Genomic DNA samples were resuspended in 20 μl and subjected to bisulfite conversion using the Premium Bisulfite kit (Diagenode, Liège, Belgium) following manufacturer’s instructions. The converted DNA samples were eluted in 15 μL of elution buffer from the kit.
To determine the sensitivity and ruggedness of the bisulfite conversion, an assay was conducted on six different amounts of input DNA (1 ng, 5 ng, 10 ng, 20 ng, 50 ng and 100 ng), obtained by serial dilution of one sample of genomic DNA, and analyzed in triplicates.
To ensure the consistency and reliability of the results for both the training and validation samples, 20 ng of genomic DNA were used to perform the bisulfite conversion and all samples were analyzed in duplicate. A negative control (no DNA) was used to detect a potential contamination. Two additional controls were also included to validate each SNaPshot assay. First, a blood sample with a known profile was systematically included to assess the variability of results between series of SNaPshot analyses. Secondly, a control composed of unconverted and unmethylated human genomic DNA (Epitect Control DNA Set, Qiagen, Hilden, Germany) was included to assess the bisulfite conversion efficiency.

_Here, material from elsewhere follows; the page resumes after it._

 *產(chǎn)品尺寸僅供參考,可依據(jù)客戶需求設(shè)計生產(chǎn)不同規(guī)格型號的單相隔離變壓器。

PCR, multiplex SNaPshot and capillary electrophoresis
The Polymerase Chain Reaction (PCR) steps, multiplex SNaPshot and capillary electrophoresis were carried out under the same conditions as previously described [33,34]. Briefly, five CpG sites, respectively located in the vicinity of the genes ELOVL2, FHL2, KLF14, C1orf132, and TRIM59 were considered in our study. The characteristics of the selected CpG sites are described in Table S1. Converted DNA samples were submitted to multiplex PCR amplification in 20 µL assays containing 2 µL of converted DNA, 4 µL of 5x primers mix (concentrations specified (Table S1), 11.6 µL of pure H2O, 2 µL of 10X Gold ST × R Buffer (Promega Corporation, Madison, WI, U.S.A), and 0.4 µL of AmpliTaq Gold® polymerase (Applied Biosystems, Foster City, CA, USA). The PCR amplification program began with an initial denaturation at 95 °C for 11 min, followed by 34 cycles encompassing denaturation at 94 °C for 20 s, annealing at 56 °C for 1 min, and extension at 72 °C for 30 s. Subsequently, the PCR amplification included a final extension step at 72 °C for 7 min.

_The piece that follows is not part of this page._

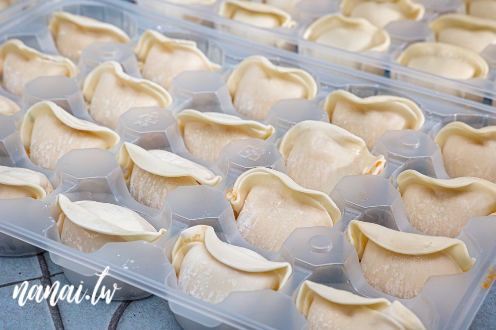 外包裝使用透明袋設計,裡頭的水餃整齊擺放在分格塑膠盒中,每顆都有獨立空間,也不會互相沾黏也很好下鍋。這樣的包裝方式不只方便冷凍保存,要取用時也很輕鬆,想吃幾顆拿幾顆就好。

Next, 2 µL of ExoSAP-ITTM (Applied Biosystems, Foster City, CA, USA) were added to 10µL of each PCR-amplified products, and the digestion was conducted 45 min at 37 °C followed by 15 min at 80 °C.
The Single Base Extension (SBE) step was performed using the SNaPshot™ multiplex kit (Applied Biosystems, Foster City, CA, USA). 10 µL SBE reactions containing 2 µL of ExoSAP™-treated amplified DNA, 1 µL of a 10X primers mix (concentrations specified in Table S1), 2 µL of 5X Sequencing Buffer BigDye™ termination (Applied Biosystems, Foster City, CA, USA), 1 µL of SNaPshot reaction mix (Applied Biosystems, Foster City, CA, USA), and 4 µL of water were amplified by a PCR sequencing program consisting in 10 s at 96 °C, 5 s at 50 °C and 30 s at 60 °C for 25 cycles.

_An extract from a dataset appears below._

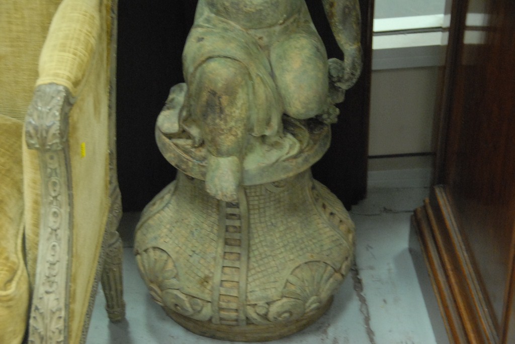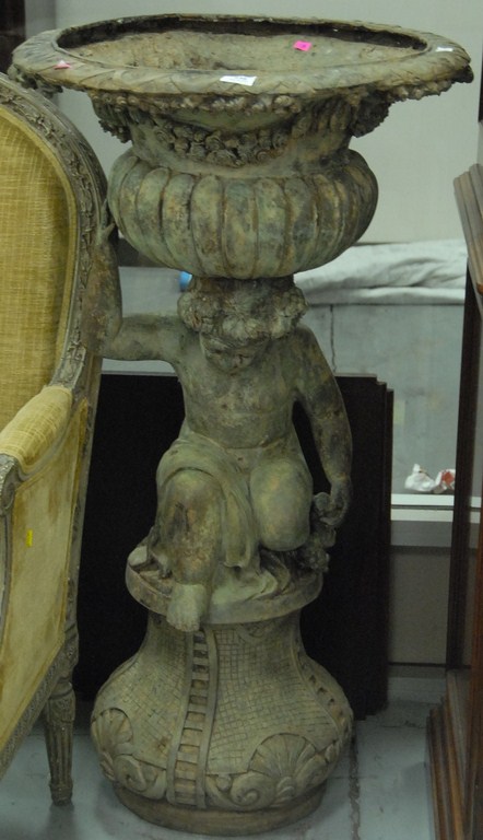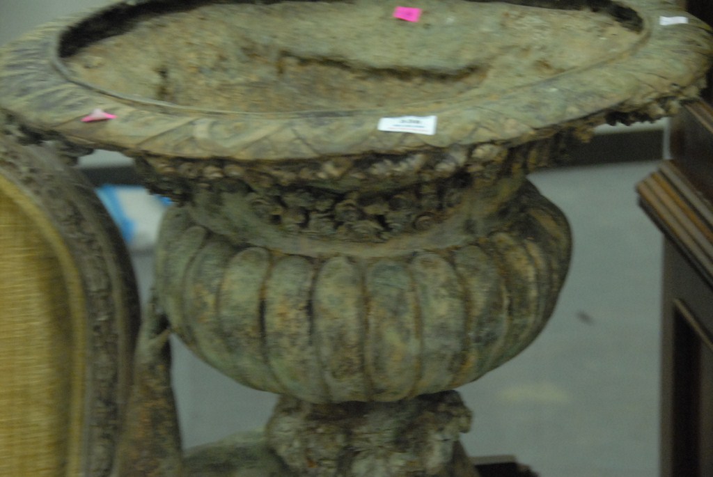 Bronze urn on cariot on base, 20th century. ht. 44in.

A final treatment was conducted by adding 1µL of Shrimp Alkaline Phosphatase (Applied Biosystems, Foster City, CA, USA) to each sample, and incubating the resulting mixes for 45 min at 37 °C followed by 15 min at 8 °C.
The resulting digested SBE products were analyzed using the 3500 xL Genetic Analyzer (Applied Biosystems, Foster City, CA, USA). The methylation rates (0 to 1) at individual CpG sites were determined using the GeneMapper™ Software (version 5) (Applied Biosystems, Foster City, CA, USA). Briefly, we quantified the nucleotide intensities defined by the peak height of the converted and unconverted nucleotides (C or G) and we calculated a ratio of methylated intensities over total peak intensities, as described by Jung SE, et al. [24].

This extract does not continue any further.